Through (4,2) and (1,3)

m= 3 - 2 / 1 - 4 = - 1/3

y - 2 = (-1/3)x (x-4)

y - 2 = this is where I get stuck. I know the answer is y = (-1/3)x + 11/3 - Sep 8th 2008, 10:47 AMSimplicity
I get a different answer.

The general form is:

$\displaystyle y - y_1= m(x-x_1)$

Substituting values:

$\displaystyle y-2 = -\frac13 ( x - 4)$

Opening the bracket:

$\displaystyle y-2 = -\frac13x + \frac43$

Adding $\displaystyle 2$ to both sides:

$\displaystyle y = -\frac13 + \frac{10}{3}$ - Sep 8th 2008, 10:51 AMSammyj
Thanks

- Sep 8th 2008, 11:12 AMSammyj
How about through (1/2, 5/3) and (3, 1/16)

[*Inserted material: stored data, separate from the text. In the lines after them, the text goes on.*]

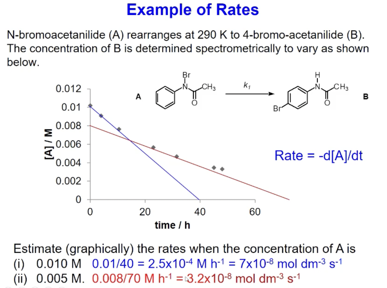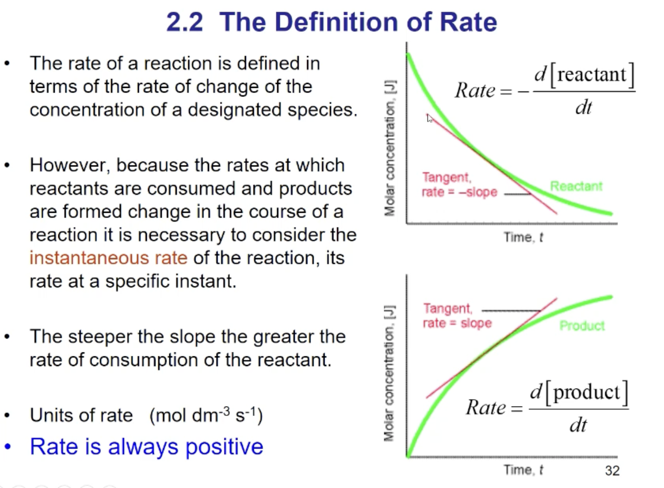 Rate - the slope at a particular time / concentration
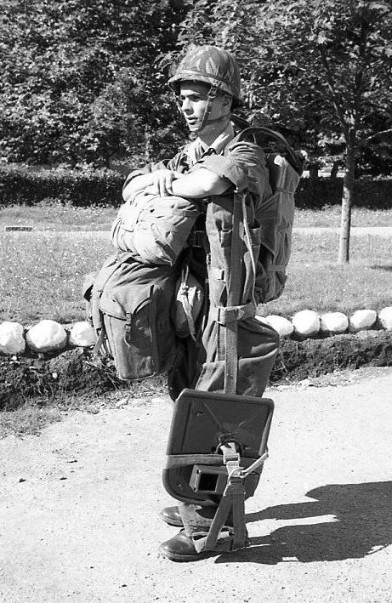 "Parachutistes du 18°RCP en 1956 à PAU et en 1959 à PHILIPPEVILLE , équipés de KIT BAG .Ces photos montrent bien l'inconfort généré par cette gaine lors des déplacements para équipé "
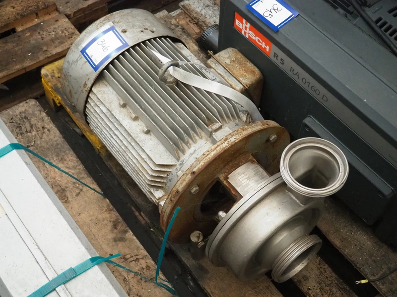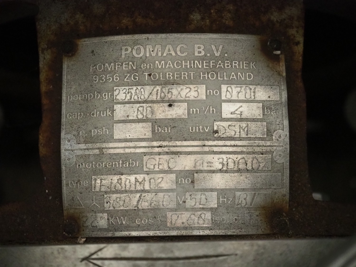 Pomac B.V. centrifugal pump, type: 1FMOM07, serial number: 8701, 380/660 V, 50 Hz, capacity: 80 m³ per hour, dimensions: 720 mm x 400 mm x 400 mm.
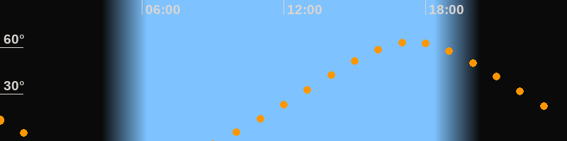 | Höchster Stand (Kulmination) | 17:25 Uhr (h = 63,4°) |
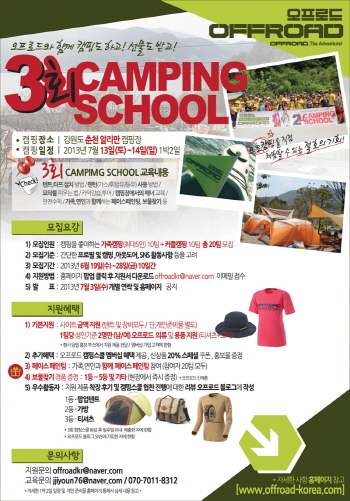 [쿠키 생활] 캠핑웨어 브랜드 오프로드는 오는 19일부터 28일까지 ‘제3회 캠핑스쿨’ 참가자를 모집한다.
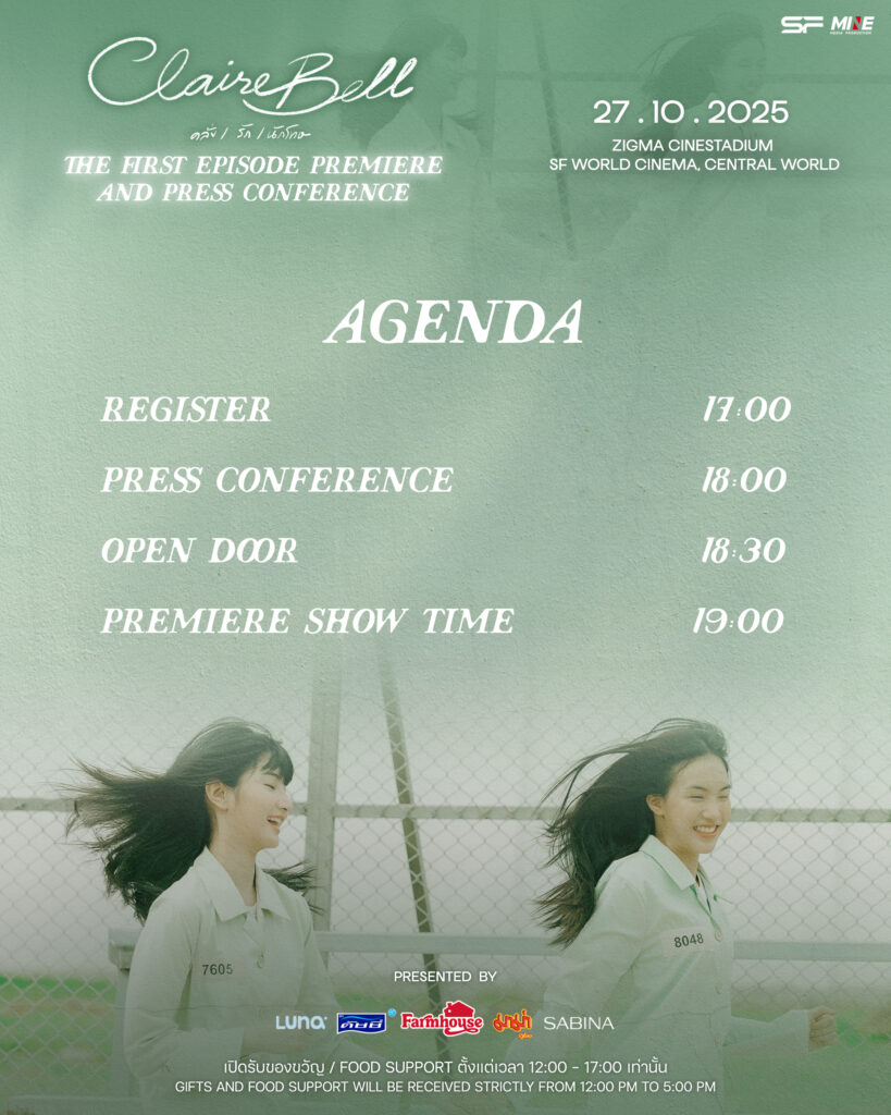 ทำถึงมากเวอร์!! เมื่อค่าย Mine Medie Production โดย 2 ผู้จัดคุณภาพ ใหม่-ดาวิกา โฮร์เน่ และ เต๋อ-ฉันทวิชช์ ธนะเสวี เตรียมเสิร์ฟโมเมนต์สุดพิเศษจัดงาน “CLAIREBELL คลั่ง/รัก/นักโทษ THE FIRST EPISODE PREMIERE AND PRESS CONFERENCE“ ชวนแฟนๆ ดู EP แรกอินและฟินก่อนใคร โดยเป็นการบอกเล่าเรื่องราวความรักของแคลร์และเบล ที่กำลังก่อตัวขึ้นหลังกำแพงรั้วสูงใหญ่ที่กักขังทั้งคู่เอาไว้ ทั้งสองต้องต่อสู้ดิ้นรนจากอำนาจมืดที่กลายมาเป็นตัวกำหนดชะตาชีวิตของคนทั้งคู่เอาไว้ พบกับนักแสดงนำ เมเบิ้ล-สิริวลี สิริวิบูลย์, แป้งจี่-ปภาวรินท์ สวัสดิเวช ที่โคจรมาประกบคู่สาดเคมีความฟินให้ได้อินทุกมิติอารมณ์ พร้อมด้วยทีมนักแสดงที่มาร่วมเสริมทัพความสนุก แองจี้ ภัณฑิรา, อัตต้า นัชชา, ซานต้า วัชรวิศน์, บาเบล จิรกิตติ์ ซึ่งจะจัดขึ้นในวันจันทร์ที่ 27 ตุลาคม 2568 ตั้งแต่เวลา 19.00 น. เป็นต้นไป ณ โรงภาพยนตร์ ZIGMA CINESTADIUM SF WORLD CINEMA ชั้น 9 ศูนย์การค้าเซ็นทรัลเวิล์ด

(1/16) - (5/3) / (3) - (1/2)

I understand how to do them until they are fractions. I know the answer is y = (2/3)x-2 but don't know how to work it out. - Sep 8th 2008, 11:52 AMSimplicity
$\displaystyle \Delta y = \frac{1}{16} - \frac{5}{3} = -\frac{77}{48}$

$\displaystyle \Delta x = 3 - \frac12 = \frac52$

$\displaystyle m = \frac{\Delta y}{\Delta x} = \frac{-\frac{77}{48}}{\frac52}$

$\displaystyle m = -\frac{77}{48} \div {\frac52} = -\frac{77}{48} \times \frac{2}{5} = -\frac{77}{120}$

Your gradient is $\displaystyle m = -\frac{77}{120}$

Use your normal apprach to find the equation. Substitute appropriate number into the general form, $\displaystyle y - y_1 = m(x-x_1)$.

**EDIT:**Sammyj, is your question posted correctly? The gradient is different to the answer that you posted.